The package does not create or migrate the table — run metadata.create_all (or your Alembic migration) once both tables are declared. Subscribers and publishers need no further configuration; the broker reads dlq_table from its own config when it builds the terminal-flush SQL.

What gets archived

A row lands in the DLQ when it is terminal-by-failure, i.e. the subscriber's terminal flush would otherwise DELETE the row because of a failure (not a clean ack). Three paths produce that:

failure_reason Trigger
max_deliveries deliveries_count > max_deliveries — handler is never invoked for this attempt.
retry_terminal Handler raised; the retry strategy returned None (attempts / total-delay exhausted, or NoRetry()).
rejected Handler called await msg.reject() directly, or AckPolicy.REJECT_ON_ERROR rejected the row on an exception.

Successful rows (ack) are never archived; the success path stays a plain DELETE and never touches the DLQ. See Ack policy and Retry strategies for the upstream behaviors that decide which reason fires.

Schema reference

make_dlq_table(metadata, table_name="outbox_dlq") declares:

Column Type Notes
id BigInteger, PK, autoincrement DLQ row identity.
original_id BigInteger, not null The outbox row's id, for operator forensics. Not unique — a re-delivered timer_id row could legitimately land here twice.
queue String(255), not null Source queue name.
payload LargeBinary, not null Verbatim copy of the outbox payload bytes.
headers JSONB, nullable Verbatim copy, including the inherited correlation_id.
deliveries_count BigInteger, not null Attempt count at the moment of failure.
created_at DateTime(timezone=True), not null The outbox row's original created_at — measures time-to-terminal-failure.
failed_at DateTime(timezone=True), not null, default now() When the audit row was written.
failure_reason String(64), not null One of the three values in the table above.
last_exception String, nullable repr() of the raised exception, bounded at 8 KiB (see below). None on manual reject() without an exception.

Index: (queue, failed_at) (btree, non-unique) — supports "show me recent failures for queue X" queries without a sequential scan as the DLQ grows.
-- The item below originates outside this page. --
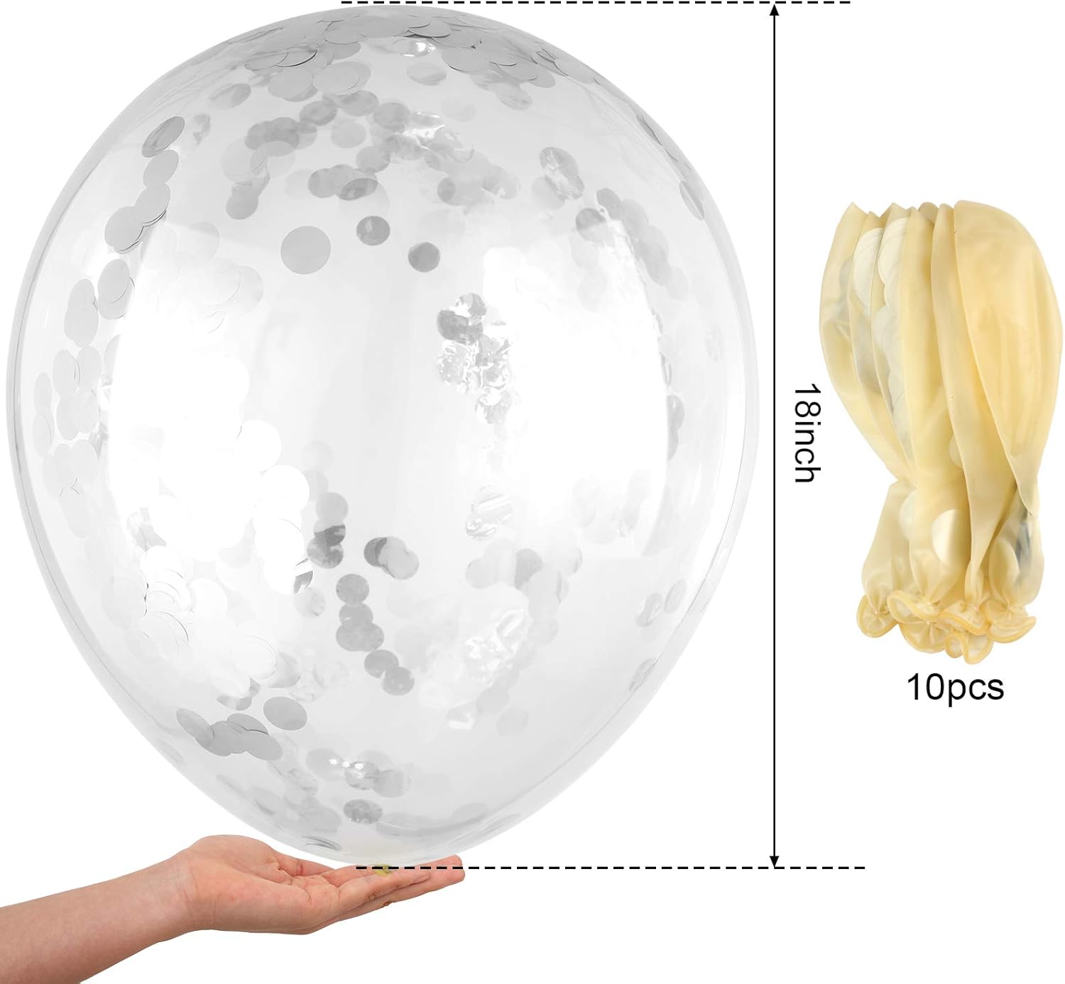 10 Pieces 18 Inch Glitter Confetti Balloons Paper Dots Confetti Shiny Latex Large Balloons for Birthday Wedding Party Decorations(Silver)

No foreign key references the outbox table: the source row is gone in the same transaction, so the constraint would be unsatisfiable. There is also no LISTEN/NOTIFY channel — nobody polls the DLQ.

Atomicity

When dlq_table is configured, OutboxClient.delete_with_lease switches to a single CTE statement:

WITH deleted AS (
    DELETE FROM <outbox> WHERE id = :id AND acquired_token = :token
    RETURNING id, queue, payload, headers, deliveries_count, created_at
)
INSERT INTO <dlq> (original_id, queue, payload, headers, deliveries_count,
                   created_at, failure_reason, last_exception)
SELECT id, queue, payload, headers, deliveries_count, created_at,
       :failure_reason, :last_exception
FROM deleted;

Two operator-visible properties fall out of this shape:

  • Lease-lost is a transparent no-op. If another worker reclaimed the row after a lease expiry, WHERE acquired_token = :token matches nothing, deleted is empty, the INSERT inserts zero rows, and the caller sees rowcount == 0 — same observable as the no-DLQ path. The lease-token guard documented in Subscriber is preserved.
  • DLQ-write failure rolls back the DELETE. If the INSERT fails (column mismatch, disk full, ENUM violation), the whole statement rolls back. The outbox row stays leased and is reclaimed when the lease expires. Misconfiguration surfaces as outbox growth plus lease_lost spikes rather than silent audit loss.

The statement runs on the worker's autocommit writer connection — one round-trip per terminal flush, same cost as the no-DLQ path.

last_exception truncation

The serialized exception (repr(exc)) is bounded at 8 KiB by _LAST_EXCEPTION_MAX_CHARS in faststream_outbox/subscriber/usecase.py. Anything longer is truncated and …[truncated] appended.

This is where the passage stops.